Disclosure of Invention
The application provides a preparation method of a water-soluble nano luminescent material and the water-soluble nano luminescent material, which are used for solving the technical problems of weak luminous intensity and poor water solubility of the existing ZnO nano material.
In view of the above, the first aspect of the present application provides a method for preparing a water-soluble nano luminescent material, comprising the following steps:
step 1, expressing Zn according to chemical composition1-xO0.95S0.05EuxWeighing Zn (CH) according to the molar ratio of medium doping elements3COO)2、C2H5NS, NaOH and Eu (CH)3COO)3Wherein x is a molar percentage coefficient of a corresponding doping element Eu relative to Zn, and the value range of x is more than or equal to 0.05 and less than or equal to 0.09;
step 2, weighing the Zn (CH)3COO)2、C2H5NS, NaOH and Eu (CH)3COO)3Respectively dissolving the precipitate in 100mL of deionized water, then placing the mixture in a microwave reactor for reaction, wherein the reaction temperature is 50 ℃, the reaction time is 4 hours, and after the reaction is finished, dissolving the precipitate in the deionized water, performing centrifugal separation, and washing to obtain a first precipitate;
step 3, drying the first precipitate obtained in the step 2 at 60 ℃ for 24 hours, finely grinding the dried precipitate, and placing the ground precipitate in a vacuum drying oven at 200 ℃ for reaction for 3 hours to obtain a white powder sample A;
step 4, cleaning the sample in the step 3 by using acetone, then adding n-hexane and cysteine, grinding until the n-hexane is completely volatilized, dissolving the product in deionized water, carrying out centrifugal separation, and washing to obtain a second precipitate;
step 5, drying the second precipitate obtained in the step 4 at 60 ℃ for 5 hours, and then finely grinding to obtain a powder sample B;
and 6, adding deionized water and folic acid into the sample B, standing for 2 hours, performing centrifugal separation, drying at 60 ℃, and finely grinding to obtain a final product C, namely the water-soluble nano luminescent material.

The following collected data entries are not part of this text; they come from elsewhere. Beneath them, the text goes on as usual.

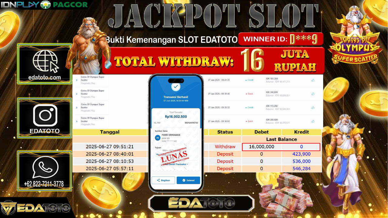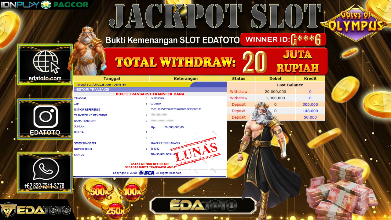 Selamat Kepada Pemilik user ID : G***6 Hari/Tanggal : Jum’at/ 27, Juni 2025 Jackpot : Rp. 20.000.000 JT Permainan : Gates . . .
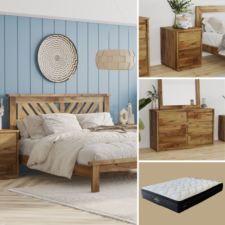 This 5-piece bedroom set is designed to bring both style and functionality to your home. It features durable reclaimed timber construction and timeless design.
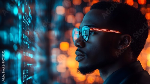 Side profile of African American cyber analyst working in an augmented reality environment, holographic AI analysis, glowing data encryption streams

Optionally, the value of x in step 1 is 0.05.
Optionally, the value of x in step 1 is 0.07.
Optionally, the value of x in step 1 is 0.09.
Optionally, in step 4, washing the sample in step 3 with acetone, adding 5mL of n-hexane and 0.2g of cysteine, grinding until the n-hexane is completely volatilized, dissolving the product in deionized water, performing centrifugal separation, and washing to obtain a second precipitate;
and 6, adding 30mL of deionized water and 7mL of folic acid into the sample B, standing for 2h, performing centrifugal separation, drying at 60 ℃, and finely grinding to obtain a final product C, namely the water-soluble nano luminescent material.
In a second aspect, the present application provides a water-soluble nano luminescent material obtained by the method for preparing a water-soluble nano luminescent material according to any one of the first aspect.
Optionally, the water-soluble nano luminescent material has the following chemical composition expression:
folic acid @ cysteine @ Zn1-xO0.95S0.05EuxAnd the value range of x is as follows: x is more than or equal to 0.05 and less than or equal to 0.09.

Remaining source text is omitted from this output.